Alice non capiva, non poteva capire come solo una variabile potesse causare tanto dolore, come potesse stravolgere tanto una vita. E, soprattutto, non capiva perché quella vita dovesse essere proprio la sua.
«Camilla…»
«No, mamma. Ti ho perdonata, davvero. Ti ha perdonata papà, è giusto che lo faccia anche io. E poi sono stanca. Sono stanca di vivere questo eterno déjà-vu, questa vita piena di incongruenze, di puzzle che non possono essere risolti perché qualcuno ne ha nascosto i pezzi. Non voglio più lottare, non voglio più arrivare qui per giungere sempre alla stessa maledetta conclusione. Papà aveva ragione. Noi non avremmo mai potuto vincere, non senza di lui, non senza l’Associazione, non dopo quello che hai fatto. Ci hai precluso ogni chance di vittoria quel giorno, mamma. Chi riesce a tenerti qui come una scimmietta ammaestrata deve esserne stato contento, no?» disse, lo sguardo ricolmo di rabbia rivolto verso la piccola telecamera che l’aveva ripresa ormai tante volte. Lei non aveva paura, Alice lo sapeva.
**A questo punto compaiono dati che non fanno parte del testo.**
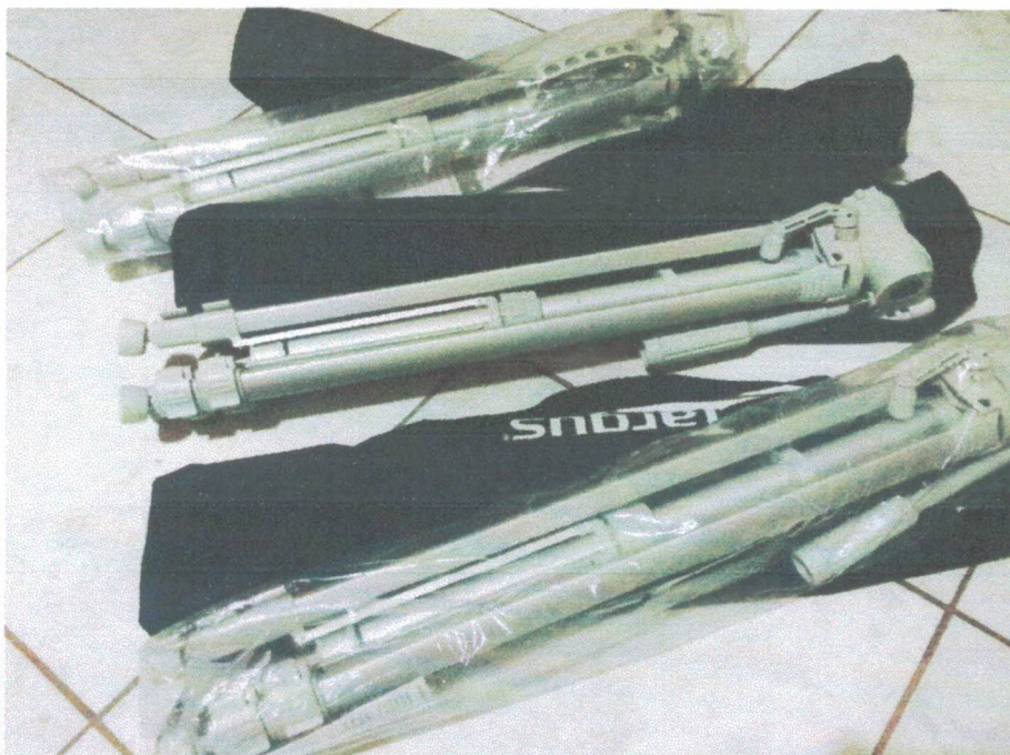
Ação 11.15/AF Eq. Apoio - Tripés para câmera filmadora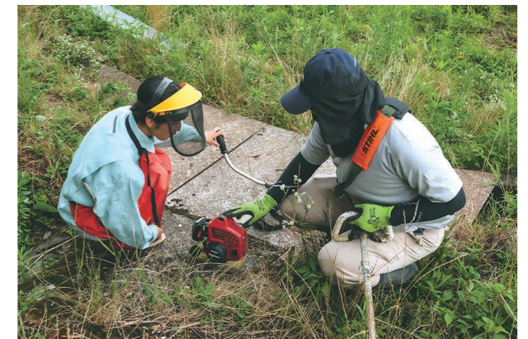
「孫の手プロジェクト」に関わる城西高校神山校の生徒が地域の方から草刈り機の使い方を教わっている

高齢者から高校生まで、これまで独自に活動していた人々が世代を超えて、ともに活動をしています。城西高校神山校で行われている「孫の手プロジェクト」を軸として、地域の草刈り支援を行う若者や高齢者の方々がともに働く場が生まれています。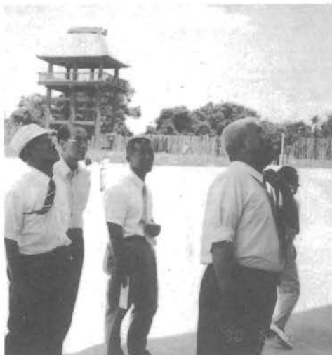
吉野ヶ里遺跡で 後ろは物見やぐら

続いて、佐賀県・神崎町と三田川町にまたがる、吉野ヶ里遺跡を見学しました。弥生時代の集落や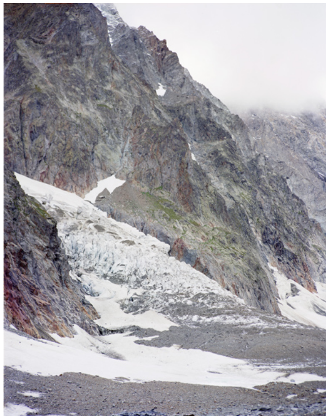
Glacier du Miage, vue prise du Glacier du Miage Tirage sur papier de riz, dimensions : 60 x 75 cm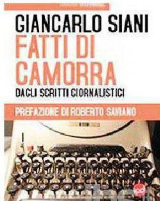
“Fatti di camorra” di Giancarlo Siani (Edizioni Iod, pagg. 208, Euro 12,00)

Non aveva paura di tutto quello che la teneva come incatenata a quella stanzetta dalle pareti bianche, piena di strane ampolle contenenti liquidi pericolosi che pochi conoscevano come lei. «Sì, ti ho perdonata, e ora sto per morire. Non dico di non essere in collera con te, per quel che hai fatto quel giorno, quando io ero ancora troppo piccola per fare qualunque cosa… non che ora io abbia l’età giusta. Sono dovuta crescere in fretta, è chiaro. Ma ti ho perdonata, e di certo non ti amo, non ti amo come hanno continuato a fare papà e Luca. Penso che anche Marco ti voglia bene. Ma ti ho perdonato, anche se oggi morirò. Anche se ho nove anni e stavo facendo la cosa giusta, oggi morirò, e non ne sono più di tanto dispiaciuta, non ho paura, non quanta dovrei averne. Magari anche io sono diventata coraggiosa, a furia di leggere di eroi. Anche se è da tanto tempo che sto leggendo lo stesso libro, vero? Saranno state quante: tredici, quattordici volte? Sempre lo stesso libro, sempre la stessa frase. “Da quant’è che non piangi?” e io conosco già la tua risposta. Guardati: stai piangendo, anche ora. Sono io quella che deve morire, oggi. Che deve dimenticare di essere esistita. Sono io. Tu non hai il diritto di piangere per questo. Non puoi. Solo io, solo io posso permettermi le lacrime.» disse, con gli occhi lucidi e la voce che si spezzava sempre di più ad ogni parola. Camilla Lunari stava piangendo. E nessuno ricordava quale fosse stata l’ultima volta in cui aveva pianto.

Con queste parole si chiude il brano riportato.